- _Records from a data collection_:
____
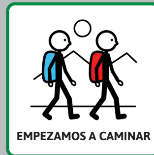
EMPEZAMOS A CAMINAR
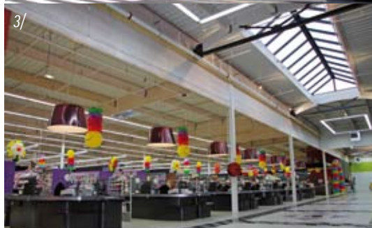
1/ Le pôle commercial de la ville des Herbiers, en Vendée. Maître d'œuvre : ACROPA
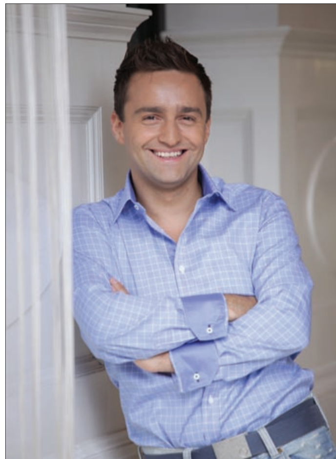
Örömmel dolgozik akár napi tizenhat órát is

– Deamon, akit játszom, nagyon racionális ember, így nem kell semmi mást csinálnom, csak elővennem és működtetnem a racionális éneket. Szerettem a forgatókönyvet, ahol azzal is szembesülünk, hogy sok mindent az életből vettek át. A számítástechnika területe nekem új talaj, nem vagyok technikai analfabéta, de mégsem ez a fő profilom. Itt pedig látom,
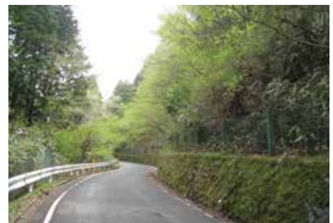
南足柄市と箱根町を連絡する道路の整備

新東名高速道路の整備促進や西湘バイパス延伸計画の促進、県道731号(矢倉沢仙石原)〔南足柄市と箱根町を連絡する道路〕や都市計画道路穴部国府津線の整備などの道路網の整備を進めています。また、スマートインターチェンジの整備促進など道路網の有効活用にも取り組みます。
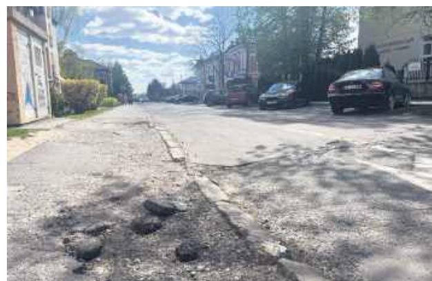
Zaplanowano między innymi kompleksową modernizację jezdni i zjazdów.
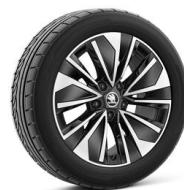
Alkaris 17" čierne leštené
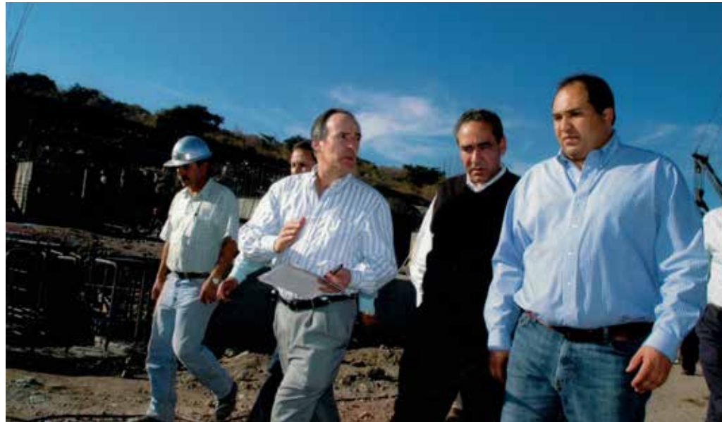
Lázaro Cárdenas Batel supervisando la obra.
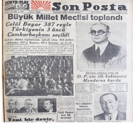
Resim 4. 23 Mayıs 1950, Son Posta Gazetesi

başkanlığına Adnan Menderes getirilmiş; tabii olarak hükûmeti kurma görevi de Menderes'e verilmiştir (Aslan, 2014: 40). 13
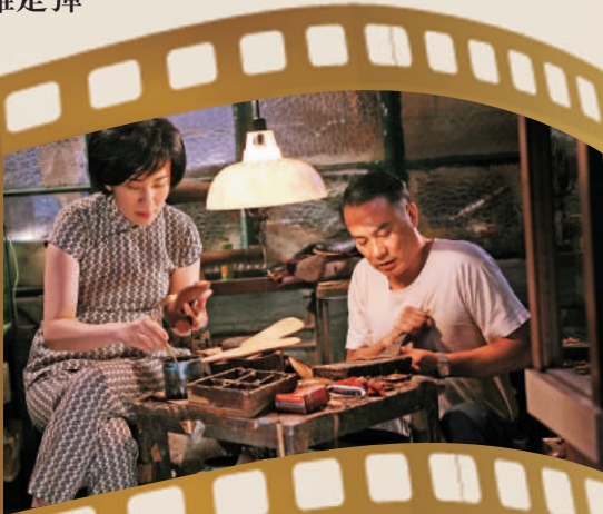
▲梁朝偉成為首位華人演員獲威尼斯影展終身成就金獅獎。
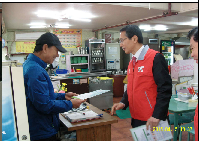
『명동』 쓰레기 감량 실천단
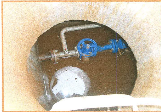
Fotografía N° 7: Válvula reductora de presión inundada
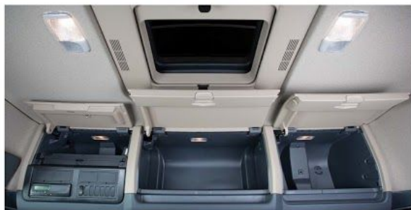
Верхние вещевые полки с люком в крыше
____
- _WHAT THIS TASK INVOLVES_:
With the pictures left out, output the lines from the one containing "1/ Le pôle commercial" through the last line of the records above, exactly as they are.

- _REPLY_:
1/ Le pôle commercial de la ville des Herbiers, en Vendée. Maître d'œuvre : ACROPA
Örömmel dolgozik akár napi tizenhat órát is

– Deamon, akit játszom, nagyon racionális ember, így nem kell semmi mást csinálnom, csak elővennem és működtetnem a racionális éneket. Szerettem a forgatókönyvet, ahol azzal is szembesülünk, hogy sok mindent az életből vettek át. A számítástechnika területe nekem új talaj, nem vagyok technikai analfabéta, de mégsem ez a fő profilom. Itt pedig látom,
南足柄市と箱根町を連絡する道路の整備

新東名高速道路の整備促進や西湘バイパス延伸計画の促進、県道731号(矢倉沢仙石原)〔南足柄市と箱根町を連絡する道路〕や都市計画道路穴部国府津線の整備などの道路網の整備を進めています。また、スマートインターチェンジの整備促進など道路網の有効活用にも取り組みます。
Zaplanowano między innymi kompleksową modernizację jezdni i zjazdów.
Alkaris 17" čierne leštené
Lázaro Cárdenas Batel supervisando la obra.
Resim 4. 23 Mayıs 1950, Son Posta Gazetesi

başkanlığına Adnan Menderes getirilmiş; tabii olarak hükûmeti kurma görevi de Menderes'e verilmiştir (Aslan, 2014: 40). 13
▲梁朝偉成為首位華人演員獲威尼斯影展終身成就金獅獎。
『명동』 쓰레기 감량 실천단
Fotografía N° 7: Válvula reductora de presión inundada
Верхние вещевые полки с люком в крыше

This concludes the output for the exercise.